Sleep-Disordered Breathing (SDB) impacts an estimated 17 percent of U.S. adults, according to researchers at Brigham and Women's Hospital and the Harvard School of Public Health in Boston. Many people are totally unaware they have a problem, despite the reality SDB robs individuals of as much as half of their deeper, restorative stages of sleep at night.
"While therapies are available for the disorder, the majority of adults with SDB are not being treated, and many people are resistant to therapy," explained Antonella Zanobetti, PhD, one of three researchers in a recent study.
Exerting influence on the severity of SDB are three factors, according to the Boston group: pollution, air temperature, and obesity.
To examine the role environmental factors may play in SDB, the researchers studied 3,000 individuals, analyzing the impact of air pollution levels in the form of particulate matter and of higher temperatures associated with summer months.
"We found novel evidence for pollution and temperature effects on sleep-disordered breathing," noted Zanobetti in a study published in a recent edition of the American Journal of Respiratory and Critical Care Medicine. "Increases in apnea or hypopnea...were associated with increases in short-term temperature over all seasons and with increases in particle pollution levels in the summer months."
Findings of the study suggest "one mechanism for poor sleep and sleep health disparities may be related to environmental pollution levels," she noted.
SDB is often grouped alongside obstructive sleep apnea in similarity, but they are really not the same thing.

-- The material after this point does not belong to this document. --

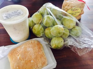 We also picked up some of the most incredible clam chowder we’ve ever enjoyed. It was chunky, flavorful and hearty — and it paired splendidly with the crunchy, soft ciabatta bread. Of course, dessert was Emerald Beaut pluots. Plus, we decided to try these chocolate pistachio biscotti; we were not disappointed. It was all so good!

SDB is a more complex breathing condition endangering health by two physiological processes: sleep fragmentation and oxygen fluctuations, according to experts at sleeptreatment.com.
SDB triggers hundreds of little nighttime awakenings, which cause sleep fragmentation.

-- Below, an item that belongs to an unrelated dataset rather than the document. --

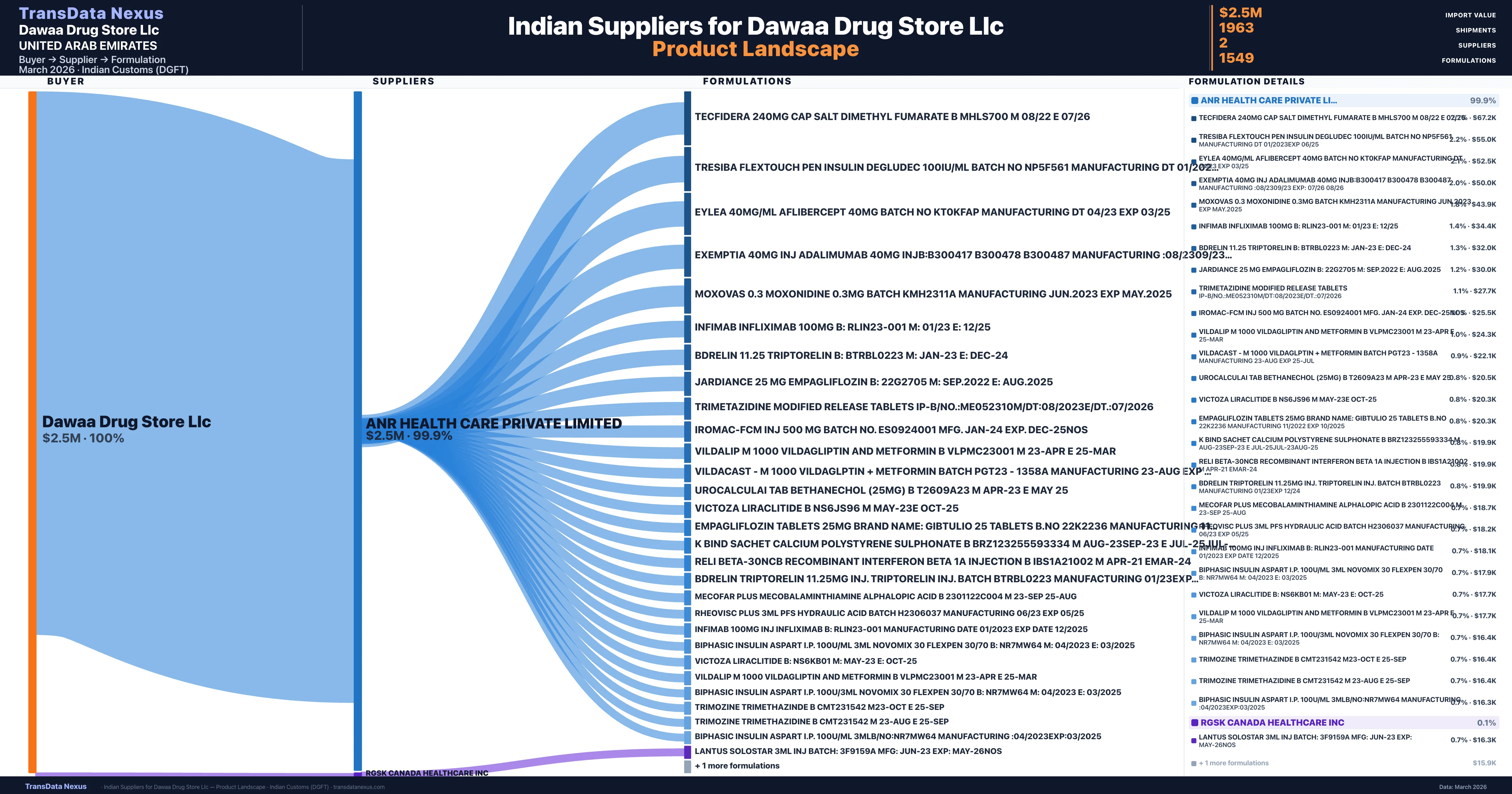 Dawaa Drug Store Llc sources from 2 verified Indian suppliers across 1,549 distinct formulations. The sourcing is highly concentrated β Anr Health Care Private Limited accounts for 99.9% of total imports, indicating a strategic single-source relationship.

On the oxygen fluctuation side, SDB causes saturation shifts that can drop oxygen below normal levels of 90 percent to 100 percent for as many as 30 seconds before returning to normal.

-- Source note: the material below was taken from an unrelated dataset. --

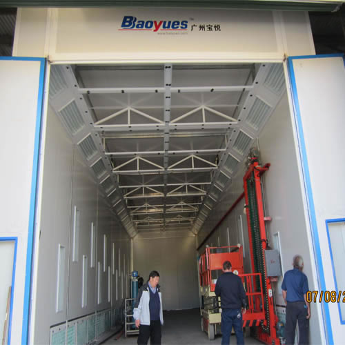 1. The painting gas exhausts from side wall.Working principles of Side Downdraft Paint Booth
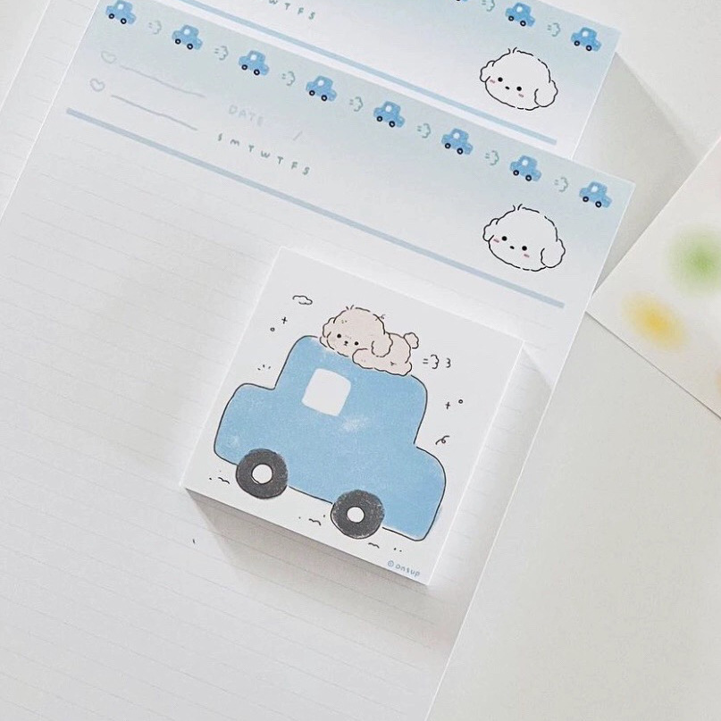 Ins 한국어 버전의 동기식 2024 새로운 방귀 개 운전 자동차 간단한 메모 패드 끈적 끈적한 메모 용지스토어 가기

Whereas the hallmark of OSA is a cessation of breathing for short spurts, this is not necessarily true in SDB where efforts to bring in a full breath are compromised through hypopneas or flow limitations.
Increased attention is being focused on SDB of late because it is a known cause of cardiovascular diseases, and timely treatments can stave off health concerns.
Adding some health care precautions to their study, researchers noted the prevalence of SDB in the U.S. may increase as more residents gravitate into the obesity range.
"Along with reductions in obesity, these new data suggest that reductions in air pollution exposure might decrease severity of SDB and nocturnal hypoxia and may improve cardiac risk," explained Zonabetti.
The study sheds more importance on the critical importance of adequate sleep to health and well being, noted John Heffner, MD, past president of the American Thoracic Society.
Because SDB increases risks for cardiovascular disease, strokes, and other major health conditions, all factors that contribute to the sleep disruptions need to be placed in the remediation-needed category. While little can be done to control outdoor temperatures, more can be done to control pollution levels and obesity.